Spotkanie protestujących rolników w Kancelarii Premiera zakończyło się fiaskiem. Rolnicy zapowiadają kontynuowanie protestu i kolejny przyjazd do stolicy - już 6 marca. Czy i wtedy Tusk ucieknie przed nimi z kraju, pod pretekstem pilnej zagranicznej wizyty?
Najpierw rolnicy rozmawiali o nich z marszałkiem Sejmu Szymonem Hołownią. Z jego strony usłyszeli propozycję okrągłego stołu. Tłum nie był zadowolony. Spod Sejmu przeszli pod Kancelarię Prezesa Rady Ministrów. Nie przyjął ich jednak Donald Tusk, który przebywa na spotkaniu Grupy Wyszehradzkiej w Pradze – a szef kancelarii Jan Grabiec.
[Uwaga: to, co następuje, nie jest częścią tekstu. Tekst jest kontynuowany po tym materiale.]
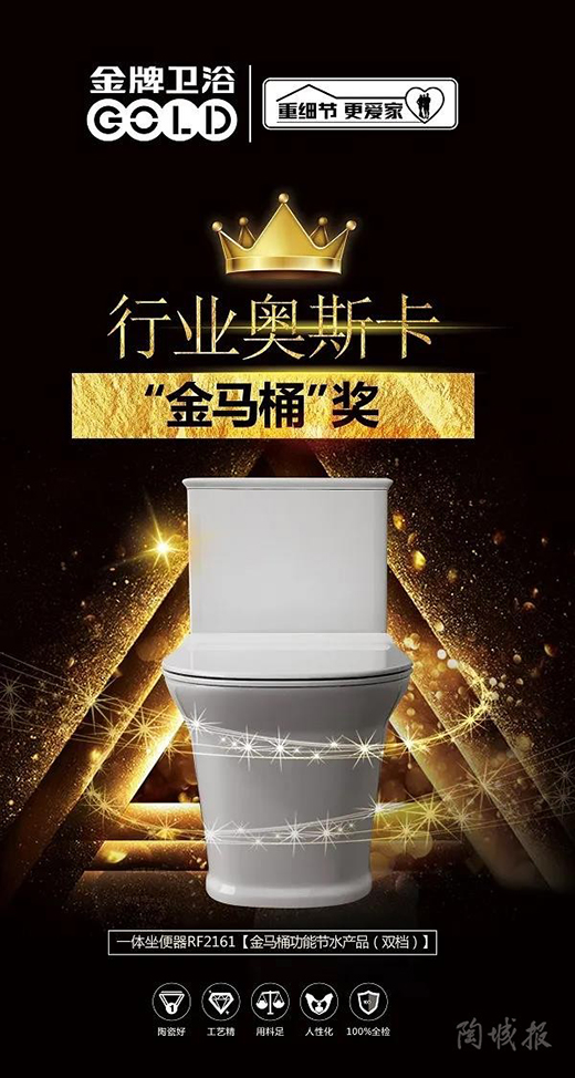 此前,金牌衛浴更是憑借一體坐便器(節水產品(雙檔)),榮獲行業“奧斯卡”金馬桶獎。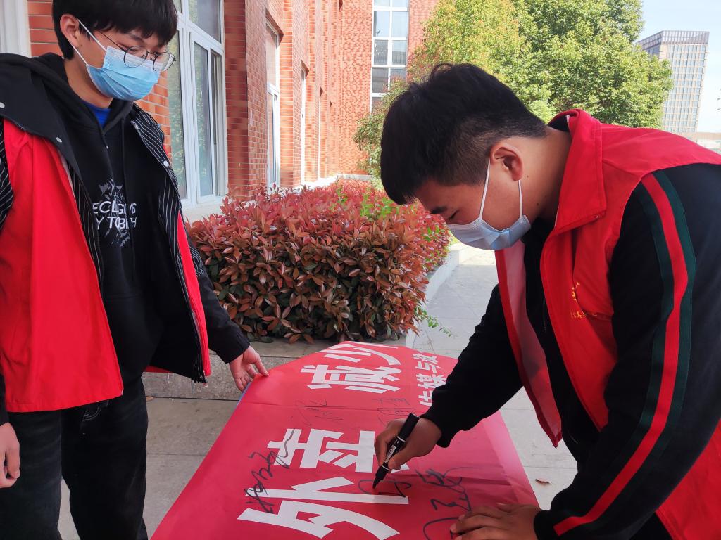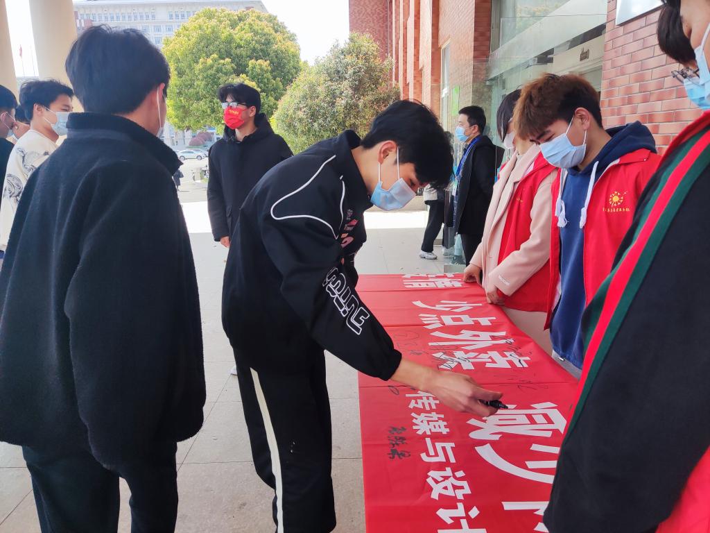 传媒与设计学院:团总支开展“减外卖少网购,共偕手防输入”主题倡议签名活动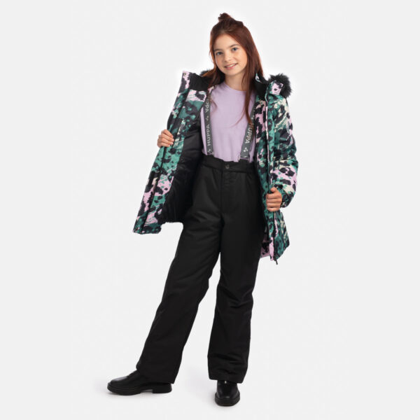 Children’s jacket and pants set. Waterproof and windproof, breathable top fabric. Soft mesh lining on the inside of the jacket and pants. Integrated elastic band at sleeve ends and on the waist. Removable snap-on hood. Removable faux fur trim on hood. The bib pants have elastic adjustable braces. Integrated elastic band on waist. Snow gaiters at leg ends. Drawstring tunnel with stoppers at leg ends. Waterproof taped seams. The pants have no inner leg seam. Reflective elements on both jacket and pants.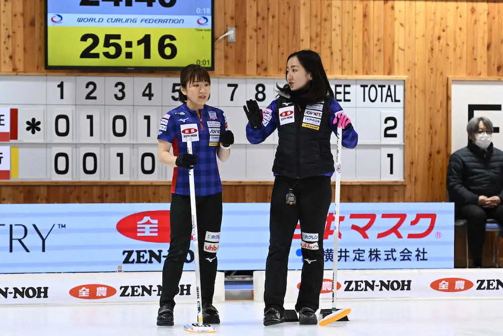 北海道銀行戦で話し込むロコ・ソラーレの藤沢(右)と鈴木(C)JCA IDE
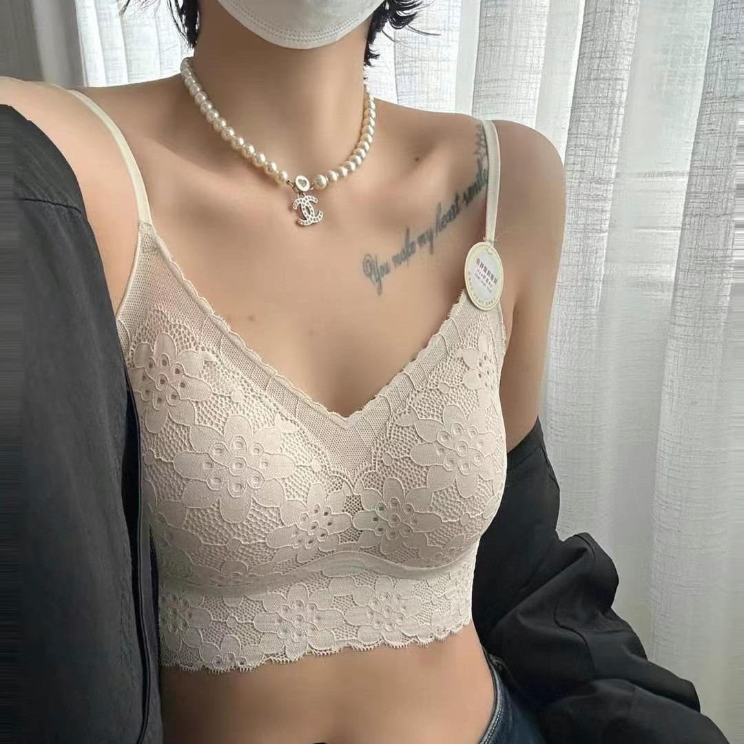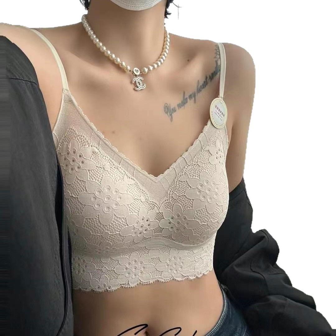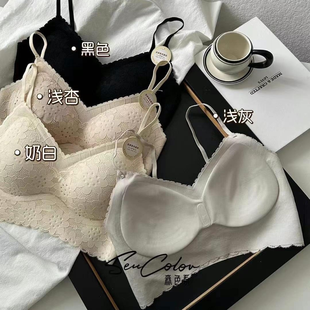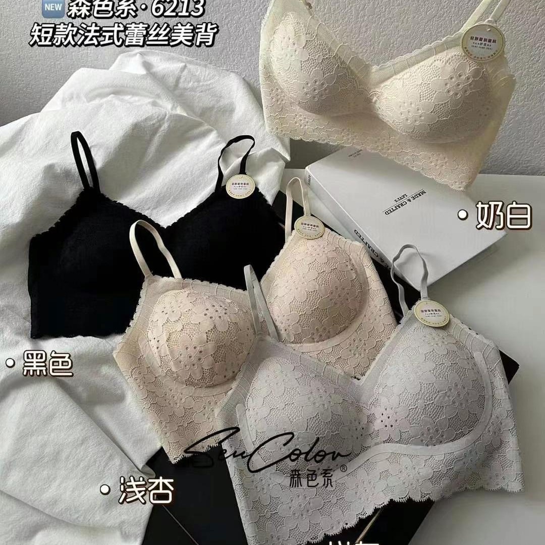 森色系小胸聚拢薄杯立体蕾丝花吊带美背文胸打底内衣乳胶垫6213-1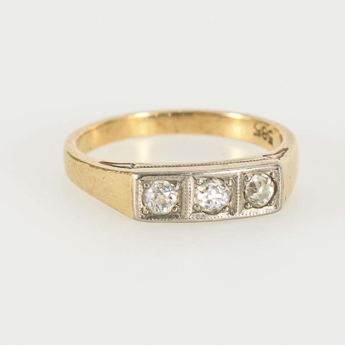 Ring aus der Zeit um 1900 mit einer Trilogie von 3 eingelassenen, in Weißgold gefassten Altschliff-Brillanten. Ringschiene mit leichten, altersentsprechenden Tragespuren.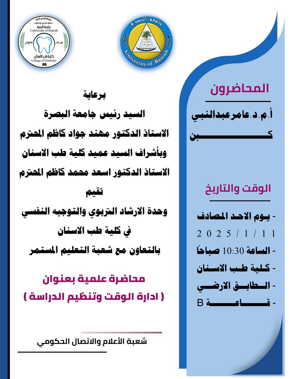 تقيم كلية طب الاسنان محاضرة علمية بعنوان (ادارة الوقت وتنظيم الدراسة)
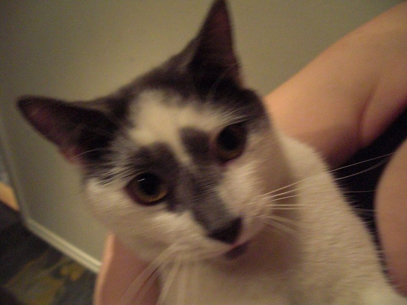 Hankatten var Biff, forsvant fra hjemmet vårt 22/6. Er 2 år gammel, kastrert og chippet. Han er korthåret, grå og hvit. Er liten av vekst, og litt sky av seg.
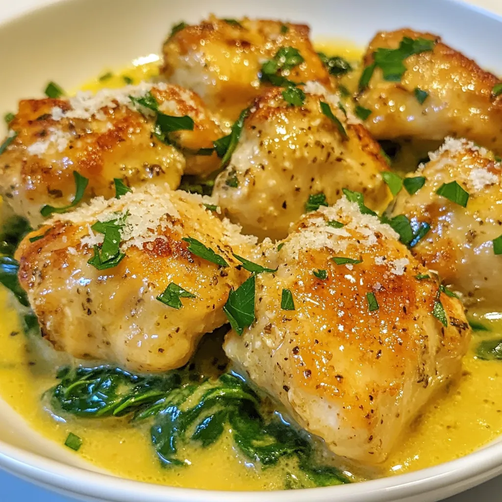 Now, it’s time to add the fun stuff! Toss in 1 cup of roughly chopped fresh spinach leaves. Cook for about 2 minutes until the spinach wilts and softens. Then, return the sautéed chicken to the skillet. Gently fold the chicken into the creamy sauce. Make sure each piece is coated well. Taste the dish and adjust the seasoning with salt and pepper if needed. Allow everything to cook together for another 2 minutes. This helps the flavors mix well. Serve warm, and enjoy your creamy garlic chicken bites!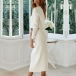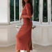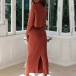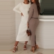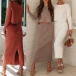 I dessa höstdagar kan detta mysiga men stilfulla stickade set i två delar enkelt väcka din uppmärksamhet. Enfärgad stil, inklusive en långärmad topp med rund hals och en hög midja slits nederdel, detta tvådelade set utstrålar din stil och charm. Så varför inte berika din garderobsensemble med detta tvådelade set?
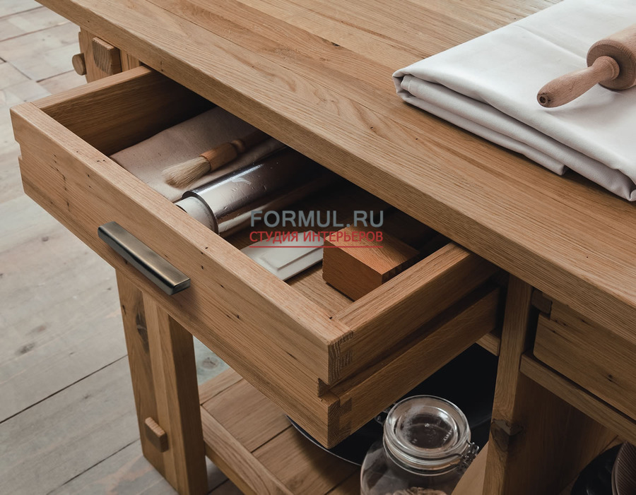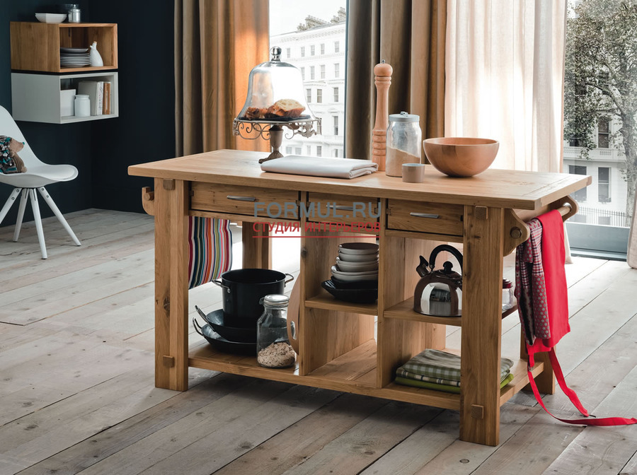 Кухонный остров с полками и выдвижными ящиками LB-ZC7250. Структура — массив дуба в натуральном или цветном лаке. Ручная отделка поверхности столешницы и ножек элементами старения, шлифовки, рельефного рисунка.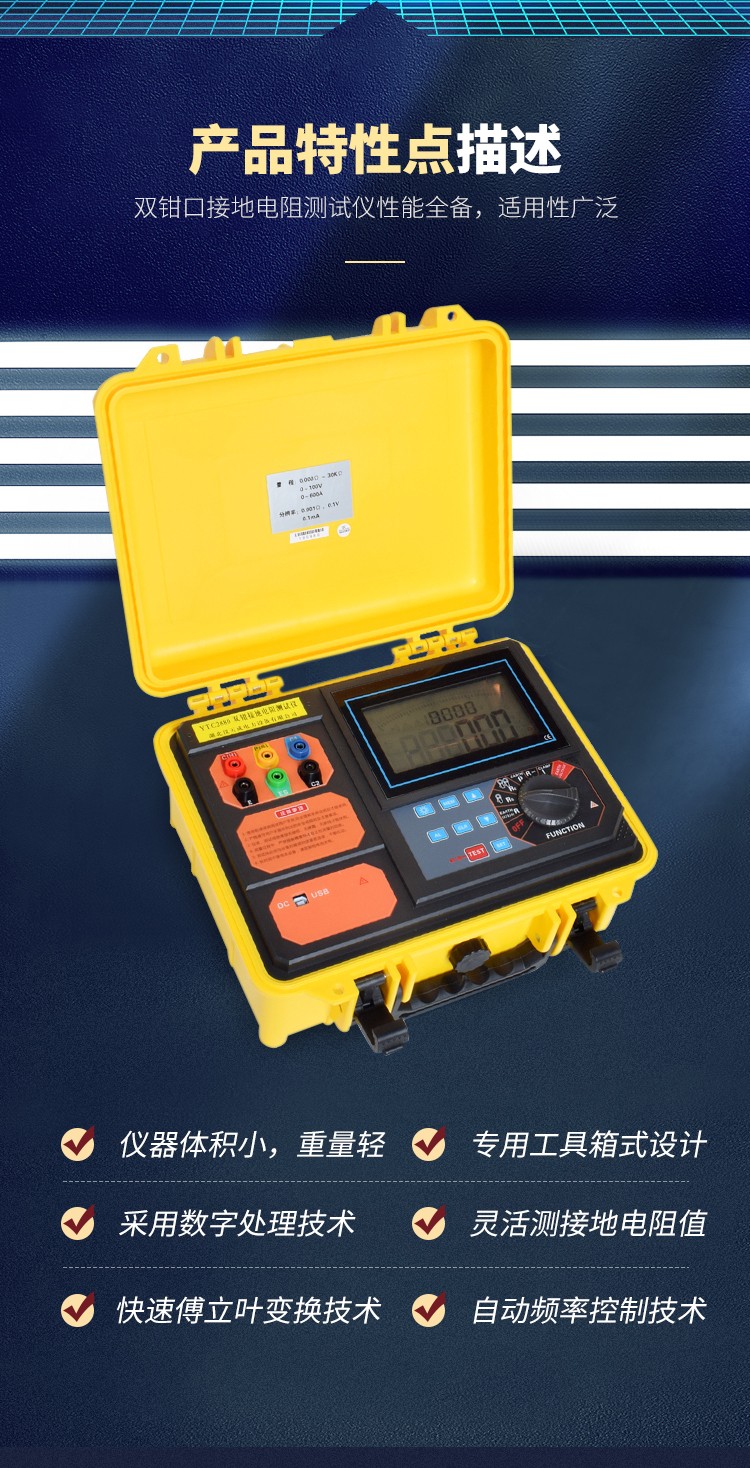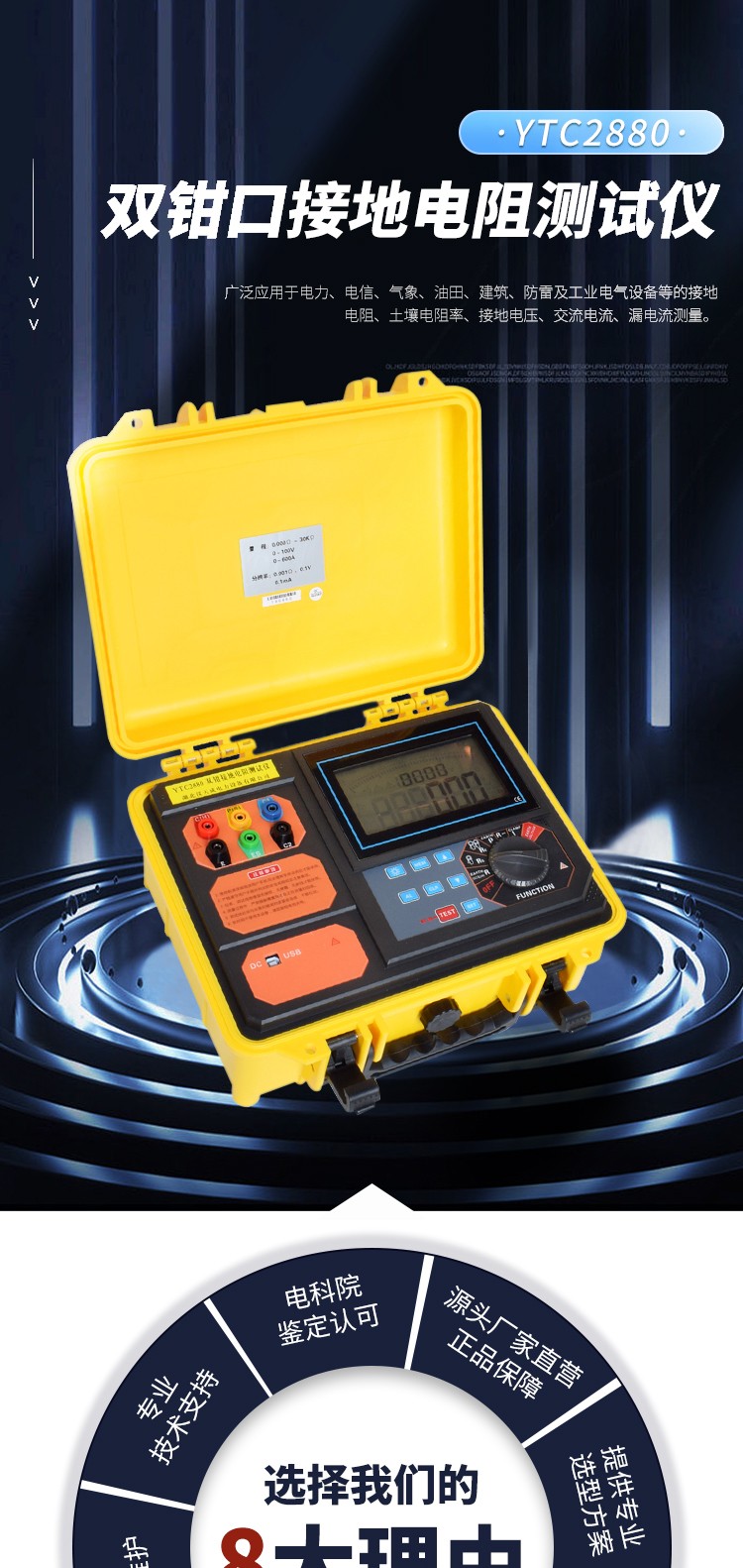YTC2880雙鉗接地電阻測試儀采用數(shù)字處理技術, 4線法、3線法和簡易2線法、選擇法、雙鉗法測量接地電阻,大口徑電流鉗設計,可測量使用大型接地引下線的接地系統(tǒng),可靈活準確測量單點和網(wǎng)狀接地等各種復雜接地情況的任意接地電阻值,并聯(lián)接地測量時無需斷開任何并聯(lián)接地電極,大大提高測量的方便性。導入FFT(快速傅立葉變換)技術、AFC(自動頻率控制)技術,具有獨特的抗干擾能力和環(huán)境適應能力,重復測試一致性強。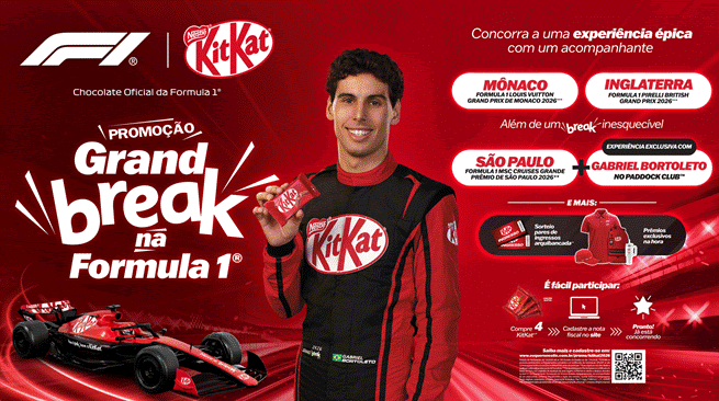 Para Nathaly Glashan, head de marketing da KitKat, a estratégia eleva o patamar da marca no território do automobilismo. “KitKat reforça sua presença na Fórmula 1 em 2026 com o lançamento da promoção ‘Grand Break’, elevando o nível da experiência ao levar consumidores para dentro de alguns dos Grandes Prêmios mais icônicos da temporada. O movimento acompanha a nova fase de Gabriel Bortoleto, refletindo também a evolução da marca ao oferecer prêmios ainda mais aspiracionais. Como chocolate oficial da F1, KitKat fortalece seu território global ao inserir o conceito de ‘break’ no maior esporte de performance do mundo, conectando-se de forma relevante e leve com a Gen Z”, afirma.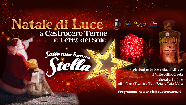 CASTROCARO TERME E TERRA DEL SOLE (FC) – Sabato 5 dicembre il Comune di Castrocaro Terme e Terra del Sole si illuminerà a festa con l’accensione delle luminarie e come da tradizione si tratterà di un momento magico che inaugurerà ufficialmente l’inizio del periodo natalizio. Per la gioia dei più piccoli e delle loro famiglie, viale Marconi si trasformerà nel “Viale della Cometa e come da tradizione verranno accesi gli alberi di Natale nelle piazze principali cittadine, assieme al progetto di proiezioni curato da Mauro Turchi.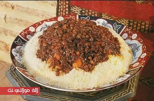 مقادير الكسكس باللحم والبصل والزبيب والحمص

"Rząd od ponad dwóch miesięcy robi wszystko, żeby zabezpieczyć nasz rynek, żeby zabezpieczyć naszych producentów. O szczegółach będziemy rozmawiać. Zależy nam bardzo na tym, żeby to była świetna rozmowa, żebyśmy nie rozmawiali o kontekście, bo wszyscy wiemy jak jest w tej sytuacji "– mówił Grabiec, który też dodał: "Żadne państwo Unii, które bazowałoby na produkcji roślinnej, nie byłoby w stanie się obronić przed otwarciem granicy w taki sposób i w takich warunkach. Są te rzeczy, które powinniśmy zrobić na „już” w ciągu najbliższych dni, w ciągu najbliższych tygodni i chciałbym, żebyśmy o tym dzisiaj szczerze tutaj porozmawiali".
Rolnicy nie byli zadowoleni z postawy koalicji 13 grudnia. "Musieliśmy opuścić spotkanie, gdyż dostaliśmy propozycję, że dopiero do 7 marca zostaną wypracowane pewne kompromisy. Niestety nie padło nic konkretnego. Nic, co sprawiłoby, że dalej będziemy chcieli siedzieć i rozmawiać", przekazał rolnikom zgromadzonym przed kancelarią Szczepan Wójcik, jeden z liderów protestu.
Protesty mają więc trwać dalej. Kolejny w Warszawie ma nastąpić już 6 marca. "Nadal będziemy protestowali, nadal będziemy blokowali, nadal musimy walczyć o siebie, swoje rodziny, bezpieczeństwo żywnościowe i polskie rolnictwo" , podkreślił Szczepan Wójcik.